*What the task asks*: Return the data that follows exactly as it appears. Pictures do not belong in the copy.

(Data excerpts)
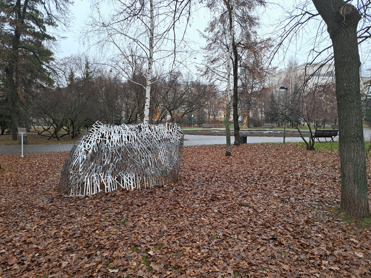 В Ленинском садике Казани, разместили новую инсталяцию. И если вживую она мне не очень приглянулась, то на фото, за счет оптического эффекта, выглядит очень даже ничего. Обьект называется "Стог" и посвящен казанскому художнику Евгению Голубцову.
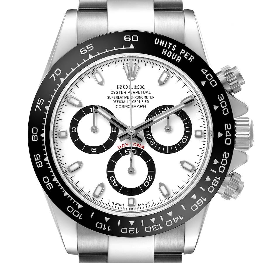 Rolex Daytona Steel White Panda Dial Ceramic Bezel Mens Watch 116500LN Box Card. Officially certified chronometer automatic self-winding chronograph movement. Stainless steel oyster case 40.0 mm in diameter. Two screw-down pushers operate the chronograph function. Pointed crown guards. Rolex logo on the crown. Black monobloc Cerachrom ceramic bezel engraved with the tachymeter scale. Scratch resistant sapphire crystal. White "Panda" dial with luminescent baton hour markers and hands. Three black-outlined subdials -- running small seconds, 30-minutes, and 12-hour chronograph registers. Outer minute and 1/5-second stick markers. Stainless steel oyster bracelet with flip-lock clasp and easylink micro-adjustment. Fits an 8'' wrist.
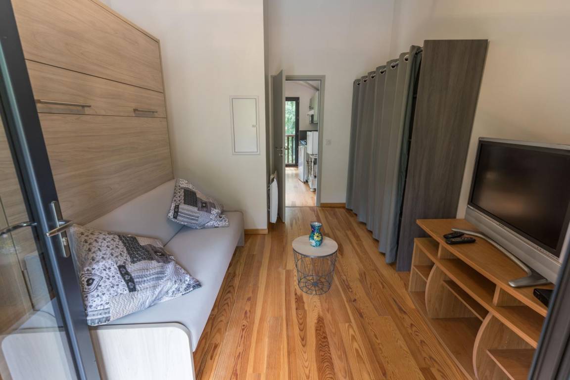 Ett lässt sich in ein Wohnzimmer verwandeln. Davor befindet sich ein echtes Sofa, das sich mit einer einzigen Bewegung ausklappen lässt (Fernseher).
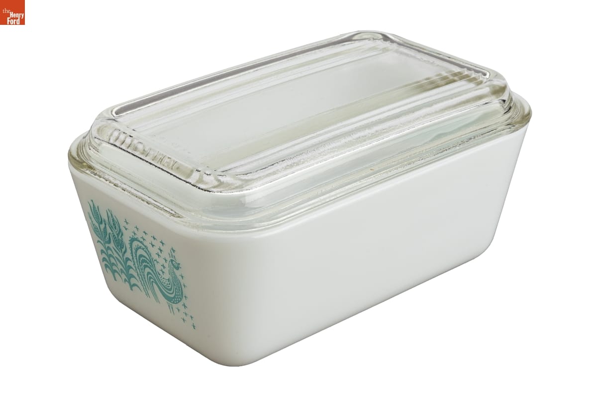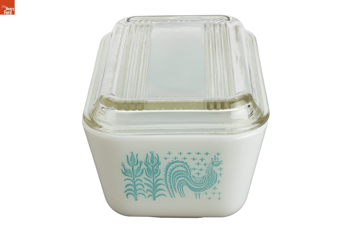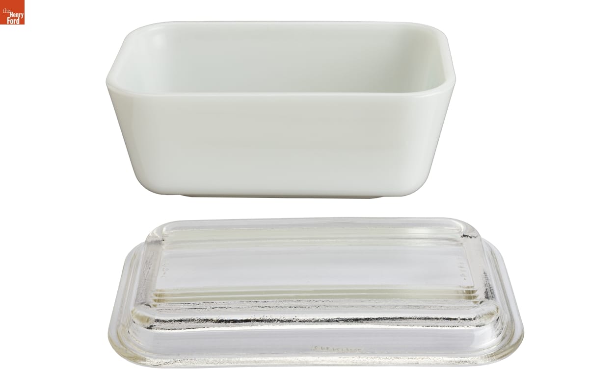 Corning Glass Works' heat-resistant glass bakeware, Pyrex, was introduced in the mid-1910s. Pyrex products were inexpensive, with an easy-to-clean smooth surface. The glassware could travel from refrigerator to oven to table. Corning introduced colored Pyrex kitchenware in 1947, and later, produced dishes in an array of patterns, like this Butterprint refrigerator dish made from 1957-1968.
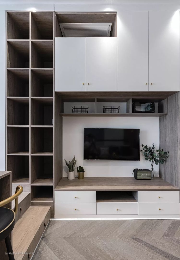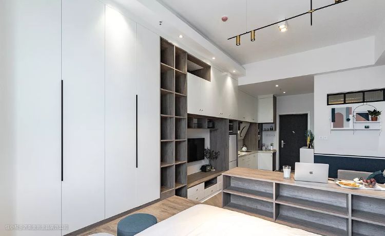 电视墙则是定制的收纳柜,连着橱柜及衣柜,提供了超强的收纳功能,美观实用兼具。
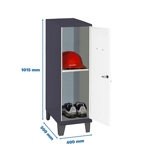 Product Overview: Mini metal locker with anthracite legs and blue doors. Dimensions are 1015 x 400 x 500 mm. It is delivered disassembled and inclu...

*Solved exercise*:
 В Ленинском садике Казани, разместили новую инсталяцию. И если вживую она мне не очень приглянулась, то на фото, за счет оптического эффекта, выглядит очень даже ничего. Обьект называется "Стог" и посвящен казанскому художнику Евгению Голубцову.
 Rolex Daytona Steel White Panda Dial Ceramic Bezel Mens Watch 116500LN Box Card. Officially certified chronometer automatic self-winding chronograph movement. Stainless steel oyster case 40.0 mm in diameter. Two screw-down pushers operate the chronograph function. Pointed crown guards. Rolex logo on the crown. Black monobloc Cerachrom ceramic bezel engraved with the tachymeter scale. Scratch resistant sapphire crystal. White "Panda" dial with luminescent baton hour markers and hands. Three black-outlined subdials -- running small seconds, 30-minutes, and 12-hour chronograph registers. Outer minute and 1/5-second stick markers. Stainless steel oyster bracelet with flip-lock clasp and easylink micro-adjustment. Fits an 8'' wrist.
 Ett lässt sich in ein Wohnzimmer verwandeln. Davor befindet sich ein echtes Sofa, das sich mit einer einzigen Bewegung ausklappen lässt (Fernseher).
 Corning Glass Works' heat-resistant glass bakeware, Pyrex, was introduced in the mid-1910s. Pyrex products were inexpensive, with an easy-to-clean smooth surface. The glassware could travel from refrigerator to oven to table. Corning introduced colored Pyrex kitchenware in 1947, and later, produced dishes in an array of patterns, like this Butterprint refrigerator dish made from 1957-1968.
 电视墙则是定制的收纳柜,连着橱柜及衣柜,提供了超强的收纳功能,美观实用兼具。
 Product Overview: Mini metal locker with anthracite legs and blue doors. Dimensions are 1015 x 400 x 500 mm. It is delivered disassembled and inclu...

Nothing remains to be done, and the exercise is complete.